Writing to a Theme: Questions to Find Your Story’s Heart A gentle reminder that I do not always agree with items to which I post links in Of Interest. Writing to a theme invokes, at least temporarily, the conscious, critical mind. If you want to write an authentic story, simply write what the characters give you whether or not you’re keyed by a theme.
The Numbers
The Journal……………………………… 940
Writing of Blackwell Ops 30: John Quick Returns
Day 1…… 2155 words. To date…… 2155
Day 2…… 3930 words. To date……. 6085
Day 3…… 3042 words. To date……. 9127
Day 4…… 3057 words. To date……. 12184
Day 5…… 5268 words. To date……. 17452
Day 6…… 1500 words. To date……. 18952
Day 7…… 3194 words. To date……. 22146
Day 8…… 3236 words. To date……. 25382
Day 9…… 3005 words. To date……. 28387
Day 10…. 3742 words. To date……. 32129
Day 11…. 4609 words. To date……. 36738
Fiction for November…………………. 24554
Fiction for 2024………………………… 861686
Nonfiction for November……………... 8070
Nonfiction for 2024……………………. 342490
2024 consumable words…………….. 1028215
Average Fiction WPD (November)…… 3069
2024 Novels to Date……………………….. 15
2024 Novellas to Date……………………… 1
2024 Short Stories to Date………………… 18
Novels (since Oct 19, 2014)…………..…… 97
Novellas (since Nov 1, 2015)……………… 10
Short stories (since Apr 15, 2014)………… 255
Short story collections…………………….… 29
Disclaimer: Whatever you believe, unreasoning fear and the myths that outlining, revising, and rewriting will make your work better are lies. They will always slow your progress as a writer or stop you cold. I will never teach the myths on this blog.
Writing fiction should never be something that stresses you out. It should be fun. On this blog I teach Writing Into the Dark and adherence to Heinlein’s Rules. Because of WITD and because I endeavor to follow those Rules I am a prolific professional fiction writer. You can be too.
If you are able, please support TNDJ with a paid subscription. Thank you!

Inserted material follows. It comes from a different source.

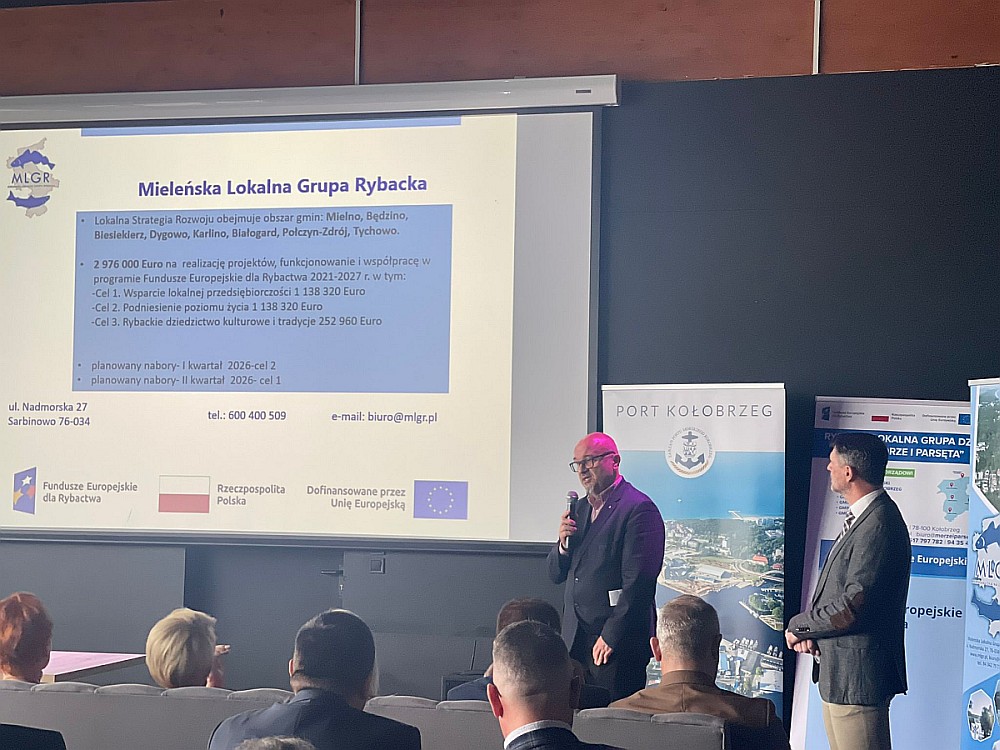 W dniu 5 grudnia 2025 roku odbyła się konferencja zorganizowana przez Zachodniopomorską Sieć Lokalnych Grup Działania dotycząca realizacji Lokalnych Strategii Rozwoju w województwie zachodniopomorskim w ramach Programu Fundusze Europejskie dla Rybactwa 2021-2027.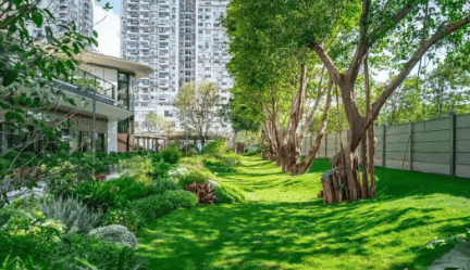小区虽然只有3栋楼,但园林设计下了功夫。我看到的部分示范区已经复刻了余荫山房的岭南庭院风格,洗钵池水景、竹林小径、遮阳廊架一应俱全。特别注意到,园子里种了不少驱蚊植物,甚至辟出一块药圃,种着薄荷、艾草这类煲汤常用食材——以后街坊下楼摘点料就能开火,很“老广”。中央草坪约2000㎡,配有休憩座椅和儿童活动区,日常遛娃或晨练完全够用。

Loved the new story, Harvey, and the opener is fabulous! Have already added it to my "Great Opening Lines" website: https://greatopeninglines.com/short-stories#2087
I'm way behind due to being sick but trying to get caught up on emails, so I just FINALLY read this one. LOL
A writer friend and I were just talking about reader taste recently. She writes romantic women's fiction. She currently has 2 series going and has found some readers report loving one of her series and not being interested in the other, while other readers absolutely love both. Her writing style and voice are the same for both. There's one tremendous difference - one series has military heroes/heroines; the other has doctors. Some readers aren't interested in military related stories, while others love them. It makes total sense that each series will have their own audiences, as well as some readers loving both.

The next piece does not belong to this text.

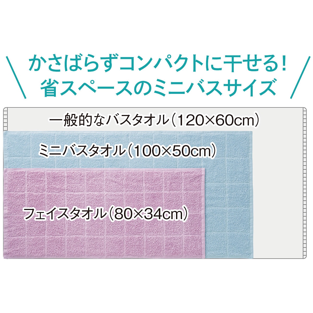 かさばらずコンパクトに干せる! 省スペースのミニバスタオルサイズもご用意しています。

I'm the same way as a reader. Four authors immediately pop to mind that I read avidly. All four write a couple of different genres. I LOVE their urban fantasy, but I'm not interested in their work in other genres. No difference in author voice/style/technique. The stories themselves simply don't appeal to me because they're in genres that just aren't of interest. When I meet someone who enjoys those other genres, though, I don't hesitate to suggest they check those authors out.